Книги 01.09.2011 // 17 306

Оглавление книги

ПРАКТИКУЮЩАЯ ХИМЕРА

«Холодная»: истоки и надлом

«Холодная война» — сжатая до предела полоса земного присутствия человека, когда он вплотную ощутил: высшая точка добытого им могущества реализуема во в с е о б щ е м с а м о у б и й с т в е. И нет у него иного выхода, кроме как удержать перспективу в стадии перманентно сохраняемой возможности. На языке военной физики и геополитики это вылилось в формулу паритета в «гарантированном взаимном уничтожении»…

Не следует думать, что та сакральная формула, рожденная сильными умами, преследовала что-либо сверх того, что в ней содержится. Но с момента, когда она выросла из противостояния, возникшего много раньше, она как бы отделилась от своего происхождения. Ни прошлого, ни будущего — такова ее необъявленная программа. Могло ли это (даже если отвлечься от неисключенности испепеляющего действия) не затронуть самые основания человека?

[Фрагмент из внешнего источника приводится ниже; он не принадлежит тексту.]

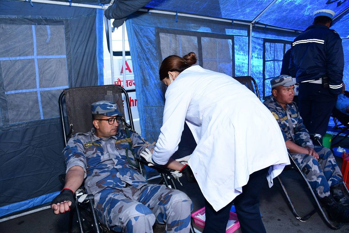 आज (शुक्रबार) बिहान ९ बजेदेखि अपरान्ह ४ बजेसम्म सञ्चालन भएको रक्तदान कार्यक्रममा एक सय ३९ जनाले रक्तदान गरेका थिए । कार्यक्रममा काठमाडौं उपत्यका ट्राफिक प्रहरी कार्यालयका प्रमुख प्रहरी वरिष्ठ उपरिक्षक नवराज अधिकारीले पहिलो रक्तदान गरी कार्यक्रमको सुरुवात गर्नु भएको थियो । जसमा काठमाडौँ उपत्यकामा कार्यरत प्रहरी कर्मचारी, शसस्त्र प्रहरी, महानगर प्रहरी लगायत केही सर्वसाधरणहरुले समेत रक्तदान गरेका थिए ।

Хорошо помню жуткое чувство, которое я испытал на занятиях по гражданской обороне, когда весьма искушенный и достаточно циничный полковник пояснил: люди из зоны термоядерного поражения (за исключением, само собой, тех, кто оказался в эпицентре) не могут быть использованы для очистительных и каких-либо аварийных работ ввиду шока, который их поголовно постигнет. Я подумал тогда: «шок» этот может вступить в человека и до, и без термоядерной схватки — из-за сужения поля жизни до удержания факта существования как такового. Продлись равновесие «холодной войны» еще и еще, не угас ли бы вовсе стимул к развитию Гомо? «Голый остров» — не единственный прообраз всеобщего конца. Спустя десятилетия, вероятно, мне следовало бы признать, что я ошибался в отпущении сроков. Мой заокеанский оппонент может считать, что он был прав, когда в семидесятых оспаривал наш домашний диссидентский апокалипсис и противопоставлял ему твердое убеждение, что всегда налицо «та или иная возможность». Тем не менее я готов возобновить старый спор не для того, чтобы повторить, но, скорее, продлить свой тезис: возможности есть не всегда. Они вообще вторичны по сравнению с НЕВОЗМОЖНОСТЬЮ — самым глубинным из источников вочеловечивания человека.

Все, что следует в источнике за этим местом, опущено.